После обеда он одиноко прогуливался по саду, брал маленькую Берту на колени и, развернув медицинский журнал, пытался учить ее азбуке. Девочка, не привыкшая к занятиям, широко раскрывала печальные глаза и готова была расплакаться. Он ее утешал: наливал воды в лейку и проводил по песку каналы или наламывал веточек с кустов и втыкал их в клумбы, устраивая игрушечную рощицу, что едва ли портило сад, и без того весь заросший высокою травою, — они были должны Лестибудуа уже за столько рабочих дней! Потом малютка начинала зябнуть и звала маму.
— Позови няню, — говорил Шарль. — Ты ведь знаешь, моя крошка, что мама не любит, когда ее беспокоят.
Началась осень, и уже опадали листья, как два года тому назад, когда она была больна! Когда же все это кончится?.. И он бродил по саду, заложив руки за спину.
Барыня сидела у себя в спальне. Туда никто не смел входить. Она проводила целый день в каком-то оцепенении, неодетая, и время от времени жгла восточные курительные свечи, купленные в Руане, в лавочке алжирца. Чтобы не чувствовать ночью спящим подле нее этого человека, она с помощью гримас сослала его в верхний этаж дома, а сама до утра читала сумасбродные книги, с картинами оргий и кровавыми сценами. Часто ее охватывал ужас, она вскрикивала, прибегал Шарль.
— Уйди, уйди! — говорила она.
Или же порой, сжигаемая внутренним огнем, который она питала в себе прелюбодеянием, задыхаясь от страстного возбуждения, распахивала окно, вдыхала всею грудью холодный воздух, распускала по ветру тяжелые волосы и, глядя на звезды, мечтала о царственном любовнике. Думала и о нем, о Леоне. В такие минуты она отдала бы все на свете за одно из свиданий с ним, которые ее утоляли.
То были ее празднества. И она любила справлять их пышно. Когда расходы были не под силу Леону, она доплачивала щедрою рукой остальное; а случалось это почти каждый раз. Он пытался внушить ей, что им было бы так же хорошо и в другом, более скромном отеле, но у нее находились возражения.
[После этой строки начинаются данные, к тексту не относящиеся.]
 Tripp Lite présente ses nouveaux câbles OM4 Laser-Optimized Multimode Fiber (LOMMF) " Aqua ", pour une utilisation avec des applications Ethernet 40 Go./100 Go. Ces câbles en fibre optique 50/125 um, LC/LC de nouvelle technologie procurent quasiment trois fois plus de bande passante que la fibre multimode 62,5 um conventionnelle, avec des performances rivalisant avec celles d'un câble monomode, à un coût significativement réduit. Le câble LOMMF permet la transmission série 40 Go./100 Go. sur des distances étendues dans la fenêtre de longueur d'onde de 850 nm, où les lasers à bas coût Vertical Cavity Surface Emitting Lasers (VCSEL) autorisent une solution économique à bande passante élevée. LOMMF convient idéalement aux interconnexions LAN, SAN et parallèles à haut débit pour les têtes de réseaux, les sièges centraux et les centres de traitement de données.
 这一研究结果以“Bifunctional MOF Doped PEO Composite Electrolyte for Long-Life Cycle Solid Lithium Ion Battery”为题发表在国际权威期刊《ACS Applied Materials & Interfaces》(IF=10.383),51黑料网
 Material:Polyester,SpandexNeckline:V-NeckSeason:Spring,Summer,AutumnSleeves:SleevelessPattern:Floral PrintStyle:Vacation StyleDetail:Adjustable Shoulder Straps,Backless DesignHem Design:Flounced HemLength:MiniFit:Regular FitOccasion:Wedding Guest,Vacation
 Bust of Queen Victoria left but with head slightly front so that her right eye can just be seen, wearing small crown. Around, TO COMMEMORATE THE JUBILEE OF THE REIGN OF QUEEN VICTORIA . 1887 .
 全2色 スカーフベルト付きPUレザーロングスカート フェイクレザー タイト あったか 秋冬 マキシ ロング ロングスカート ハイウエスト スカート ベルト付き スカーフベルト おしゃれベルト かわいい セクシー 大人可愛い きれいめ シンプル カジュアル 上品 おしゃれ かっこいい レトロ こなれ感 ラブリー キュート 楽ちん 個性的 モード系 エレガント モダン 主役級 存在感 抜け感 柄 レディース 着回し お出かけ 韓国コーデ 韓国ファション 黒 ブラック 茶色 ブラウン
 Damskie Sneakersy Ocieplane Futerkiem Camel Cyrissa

Раз она вынула из своего мешочка полдюжины серебряных вызолоченных ложечек (свадебный подарок старика Руо), прося его немедленно снести их в ломбард; Леон повиновался, хотя это поручение ему было не по душе. Он боялся, что его узнают.
Поразмыслив, он нашел, что его любовница начинает вести себя странно и что, быть может, не совсем не правы те, кто хотят разлучить его с нею.
Незадолго его мать получила длинное анонимное письмо, в котором ее предупреждали, что он «губит себя с замужней женщиной». Бедная дама, живо нарисовав в своем воображении вечное пугало семейств, неведомую губительницу молодых жизней, сирену, фантастическое чудовище, обитающее в безднах разврата, изложила все в письме к принципалу сына, Дюбокажу, который взглянул на дело серьезно. Он продержал Леона целых три четверти часа, пытаясь раскрыть ему глаза, предостеречь его от опасности: ведь подобная интрига впоследствии повредит ему в устройстве его карьеры. Он умолял разорвать связь: если Леон не хочет принести этой жертвы ради собственной будущности, пусть сделает это хоть для него, Дюбокажа.
Леон уступил и поклялся не видеться больше с Эммой; теперь он упрекал себя в том, что не сдержал своего слова, видя, сколько эта женщина может еще навлечь на него неприятностей и упреков, не считая насмешек товарищей, которые дразнили его по утрам, греясь у печки. Сверх того, ему было обещано место старшего клерка; пора было остепениться. Он уже отказывался от флейты, от возвышенных чувств, от фантазий. Ведь нет обывателя, который бы в пылу молодости, хоть на один день, на одну минуту, не считал себя созданным для мятежных страстей и великих подвигов. Самый мелкий развратник мечтал когда-то о султаншах, и в душе каждого нотариуса похоронены обломки от кораблекрушения поэта.
Теперь он скучал всякий раз, как Эмма вдруг разрыдается на его груди; и его сердце, как бывает с людьми, способными воспринимать музыку только в умеренной дозе, погружалось в равнодушную дремоту среди вихря этой страсти, в которой он уже переставал различать оттенки.